I see some good things going on in the right panel:
- A diagonal goes down the face, hits the shoulder, belt buckle, then follows the line of the tail
- Another diagonal follows the line of the neck, a crease in the blanket, and the shadow of the back haunch.
- The lower horizontal connects the reins, rifle, and blanket fold
In the center panel:
- A diagonal connects the hand, a stripe of the blanket, a line of rope, and then runs down the back leg
- Another connects the eyes, bottom of the rope and follows the tail.
- The lower horizontal runs along the belly of the horse
In the left panel:
- I place the horses in the center between the horizontal strings
- Diagonals from the upper left corner will fall along the head and back of the horse and also connect the nose, chest and stirrup.
- I also sketch in lines for the background so that it will all come together in the end.

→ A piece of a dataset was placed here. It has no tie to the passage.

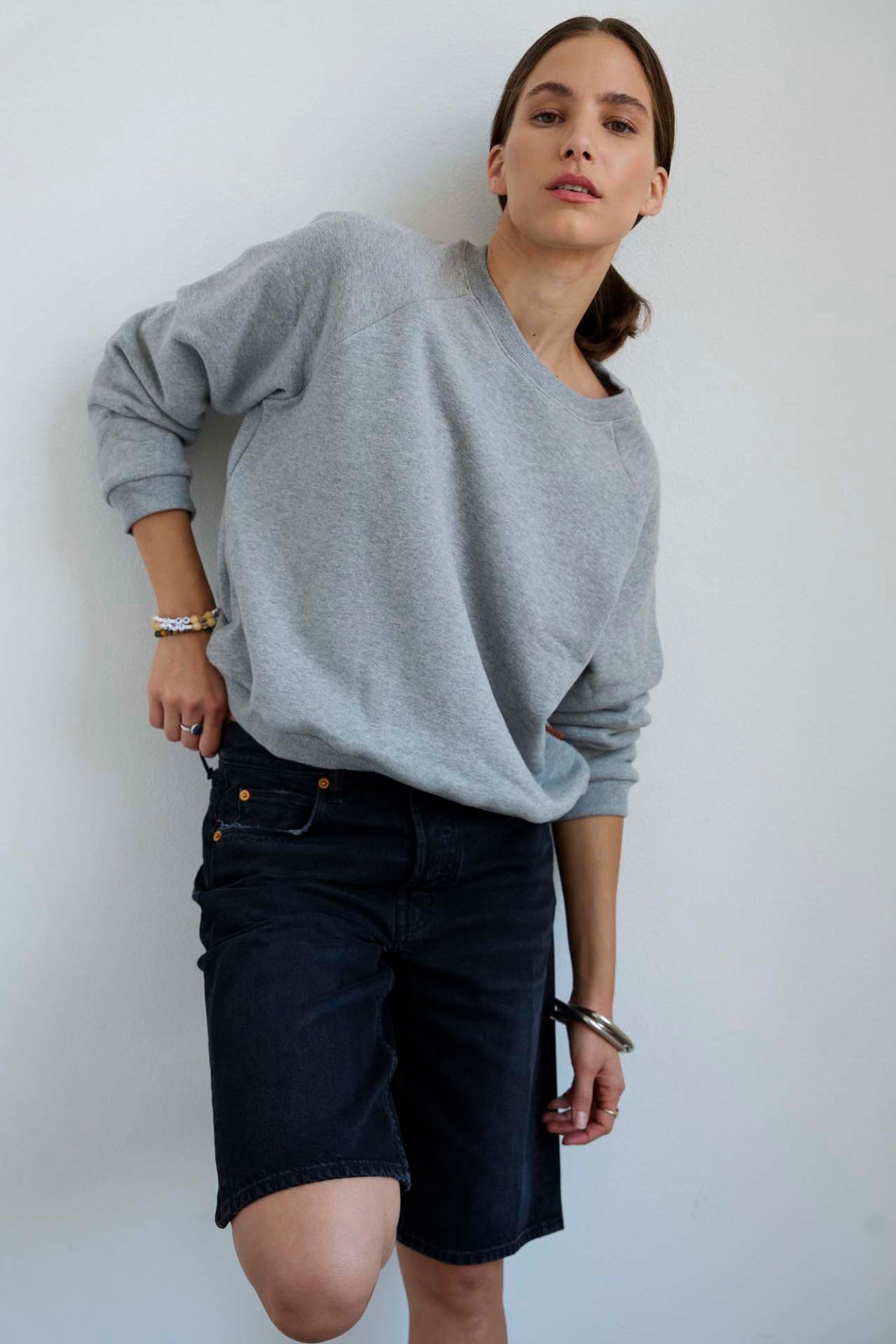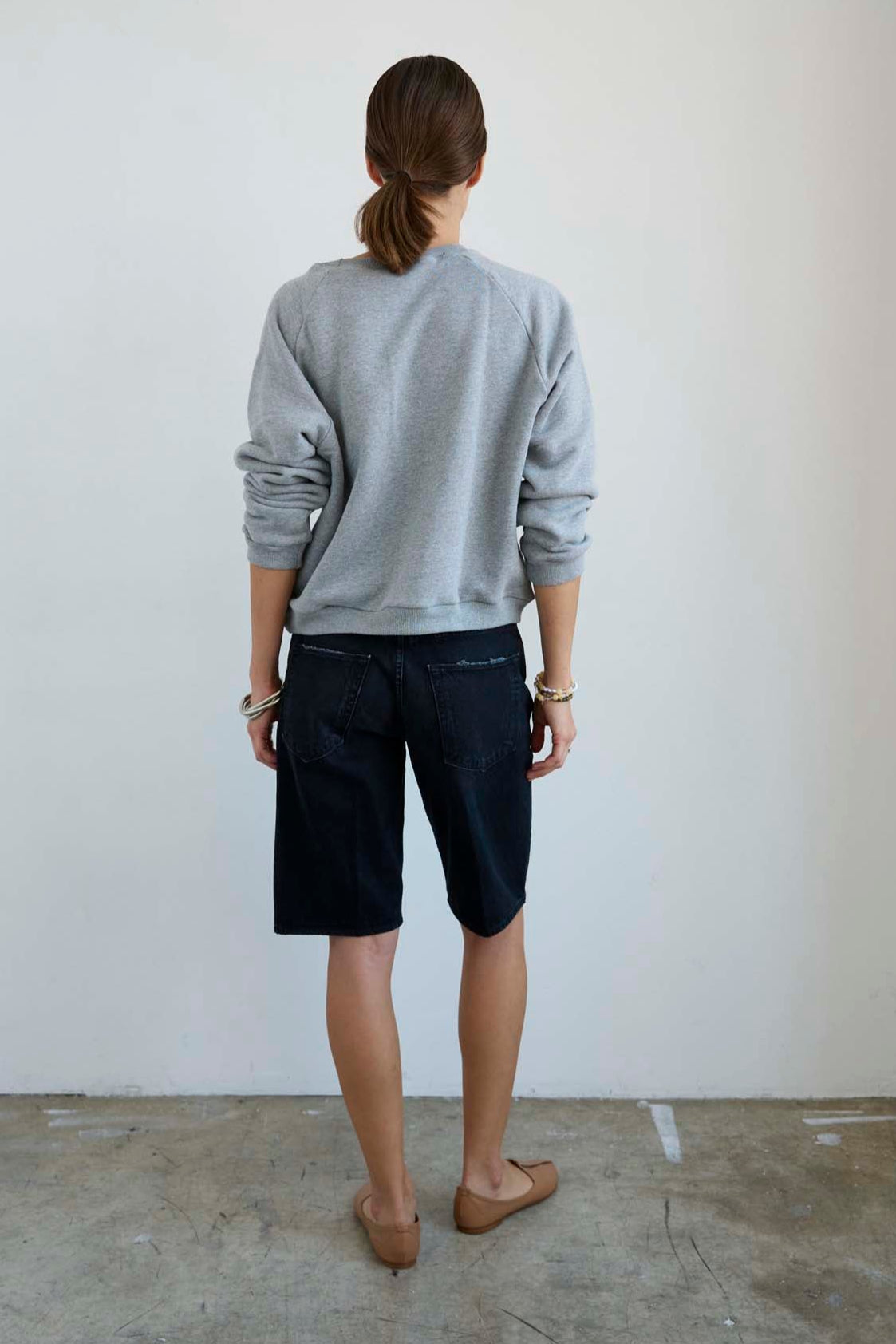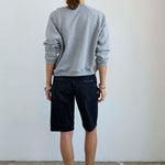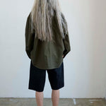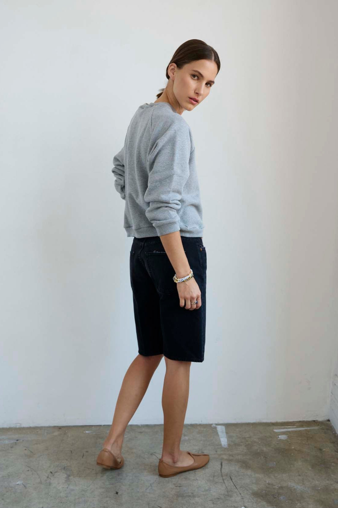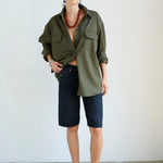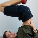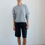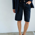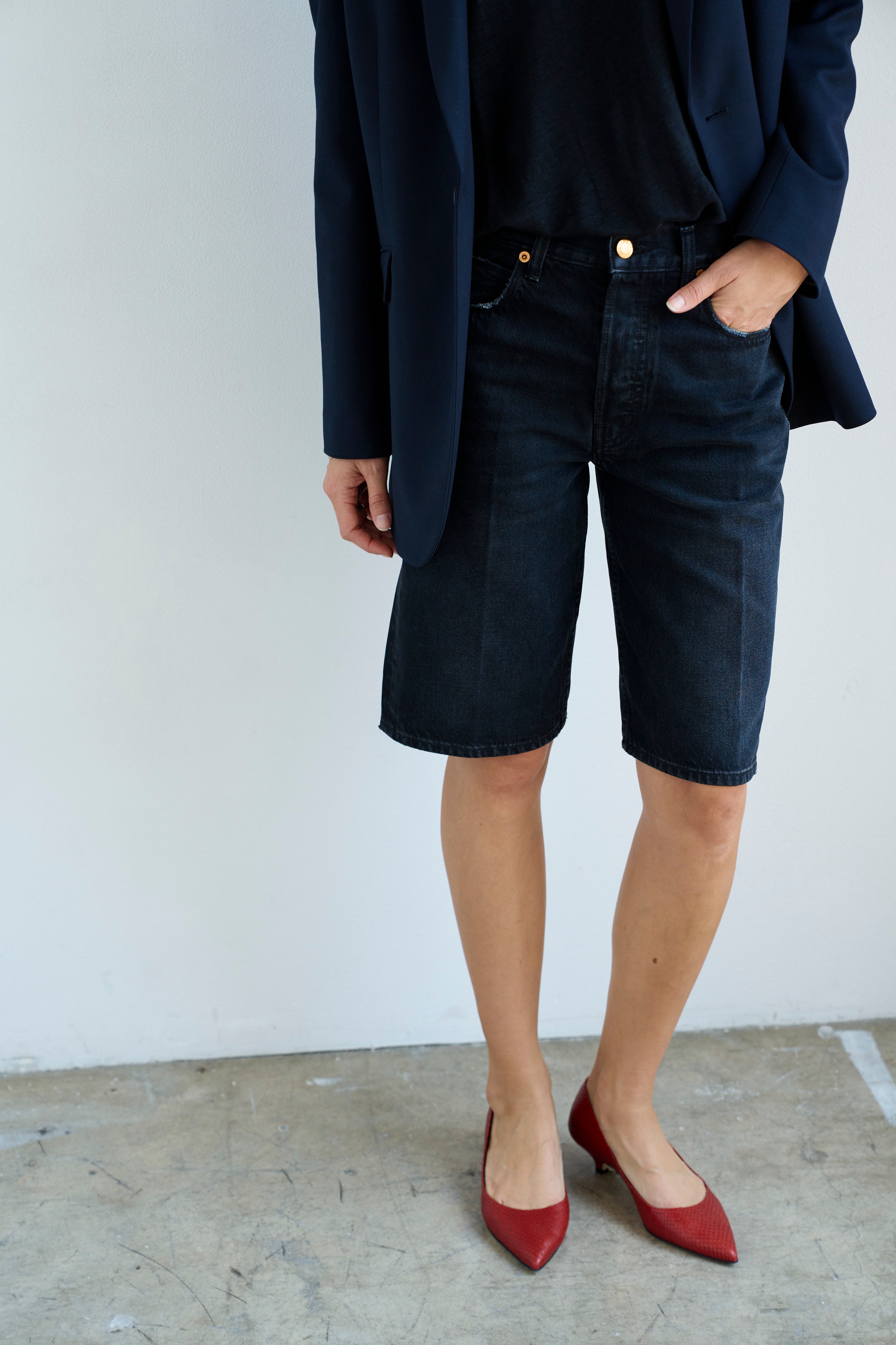 A slightly slouchy denim short with a hemmed finish and creased front. Polished meets casual in a soft black, vintage fade wash. Made in LA of Italian 100% cotton denim. The fit is true to size and the same as the Cut Knee short.

Doing this on the floor stinks! Every time I move something, I have to reposition the strings. To make things worse, my trusty companion, Coco, has her own ideas about the placement of these strings. I love her, but I REALLY don’t appreciate her design sensibilities.
Does This Butt Look Big??
While fussing over the second horseman and I find a couple of problems with the composition. I’m irritated by the horse’s back end hanging off the right side of the composition. It seems to be too much.
Because I have already finished the background, extending it could be a problem. Can it be done without creating a distinct line down the panel that is obvious and distracting??
I’ve got to try. At this point, I think the key to the expansion project is to break up the vertical line. As I add to each component of the background, I’ve got to stagger the additions of fabric. The water is the largest area and most obvious, but I can camouflage that line with ripples. Here is what I have at the end. Let’s hope stitching hides the rest.
Try to ignore those black lines on the second photo. I’ll explain them another day.
The 2nd Horseman
I’m back at work on the second panel of the 4 Horsemen. The first dilemma is getting the scale correct. This figure, originally, behind the central figure, will now be in from of him, so he’s got to appear larger. It took some trial and error, but I finally got the size right. I like an irregular edge, so I’m going to hang the horse’s patooty off the edge.
The key with this composition is to keep some key elements consistent across both panels. In this case, it is the lines of the background. As they continue from one panel to the other, they create a cohesive composition. I’m loving this.
I’m nervous about the pace of my work being slow, and am considering reducing the scope of this piece to 2, rather than 3 panels. I really love the title and “The 2 Horsemen” doesn’t have the same appeal. So, when my parents stopped in to visit on their way to ski country, I put my dad to work in the studio fixing the rollers on one of my chairs.
Blanket Statement
These last couple of weeks, I’ve frantically been working to complete the fusing portion of the center horseman panel before other, looming responsibilities interrupt me. The body of the rider has taken a lot of energy. There were many tiny pieces and a lot of confusion in sorting out what was what in the photo, but I finally put him together.
The big design decision here was the color scheme for the blanket. The overall scheme for the piece is a double compliment: red-green, blue-orange. Currently, a very dark orange is brought into the composition through the horse. I really wanted to work in some lighter warm orange in the blanket, but couldn’t visualize it. Several photocopies of the pattern were made and filled in with colored pencils. In the end, it was a red, white, blue, and gray scheme that worked with the rest of the composition. See the progress below.
I’ll tell you about the background in a future blog.